Captain Johnson married December 31, 1863, taking for a life companion Miss Mary O. Troil, who died April 23, 1890. This union was blessed with eight children, five of whom are now living, viz. — Axel T., Sadie O., Julia C., Eric Sixtus and Earnest G., aged respectively twenty-one, nineteen, sixteen, thirteen, and ten.

Captain Johnson entered the journalistic field in 1864 as editor and proprietor of the Galva Illinois Union, launching upon the sea of journalism in 1869. The Illinois Swede, at Galva, Illinois, which was afterwards changed to Nya Verlden, and moved to Chicago in 1871, and is today the leading Swedish paper in America, being now published under the name of Svenska Tribunen.

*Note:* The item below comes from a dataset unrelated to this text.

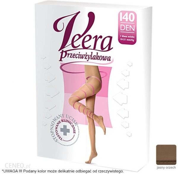 Eleganckie rajstopy ze stopniowanym uciskiem, testowanym klinicznie. Każdego dnia dbają o zdrowie i jednocześnie o piękno Twoich nóg.Wyglądają jak klasyczne rajstopy, a znacznie się różnią właściwościami: przynoszą ulgę zmęczonym nogom, poprawiają krążenie krwi, zapobiegają pierwszym zmianom żylakowym, zapobiegają pojawianiu się pajączków,sprawiają, że po całym dniu Twoje nogi są nadal lekkie.Veera zapobiega zastojom krwi żylnej, obrzękom oraz pękaniu drobnych naczynek (pajączków). Chroń swoje nogi. Niech będą zdrowe i piękne przez długie lata. Produkty Veera to linia produktów najwyższej jakości. Są przetestowane klinicznie, co zapewnia ich skuteczność. Prawie każda kobieta codziennie nosi rajstopy, podkolanówki, pończochy – Veera jest stworzona dla kobiet, które dbają o swoje nogi.Dzięki włóknom Lycry oraz wzmocnionej pięcie i palcach, rajstopy są trwałe i zapewniają prawidłowe ułożenie wyrobu na nodze oraz właściwe rozmieszczenie ucisku.Skład: 78% Poliamid,22% Elastan.Rozmiar: rozmiar ubrania: 42-44, obwód w kostce: 26-27.Produkt użytku osobistego, podlega zwrotowi tylko w nienaruszonym opakowaniu, bez żadnych śladów użytkowania.
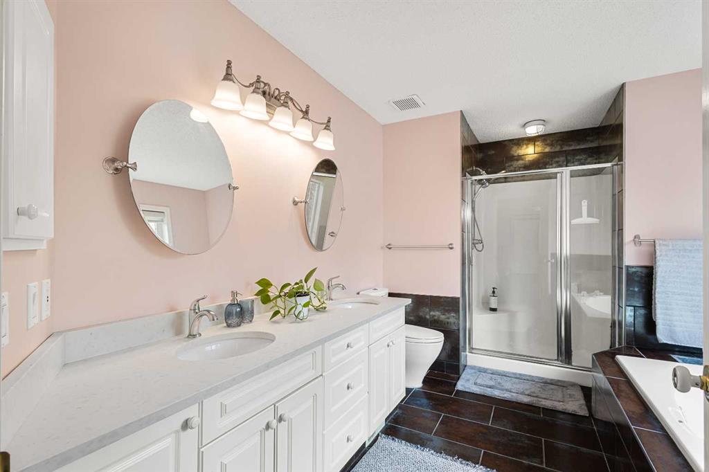 Upstairs, you’ll discover FOUR full bedrooms — a rare find in McKenzie Towne. The primary bedroom is a private retreat with hardwood flooring, double sinks, quartz counters, a jetted soaker tub, and a separate shower. The additional oversized bedroom, complete with its own fireplace and office/study corner, makes for a cozy personal haven, while the other two bedrooms offer plenty of space for family or guests.

Captain Johnson never had the advantage of any higher grade of education than a few winters in the pioneer district schools of Illinois from 1849 to 1854. He cast his first presidential vote in 1860, for Abraham Lincoln and voted for him again in 1864. In 1868 he voted for U. S. Grant; in 1872, he voted for Horace Greeley; in 1876, he lost his vote for president by a short residence in Kansas; in 1880, he voted for Garfield, renewing his allegiance to the republican party, but he has never been a strong party man since 1872.

In 1871 he was journal clerk of the Illinois House of Representatives.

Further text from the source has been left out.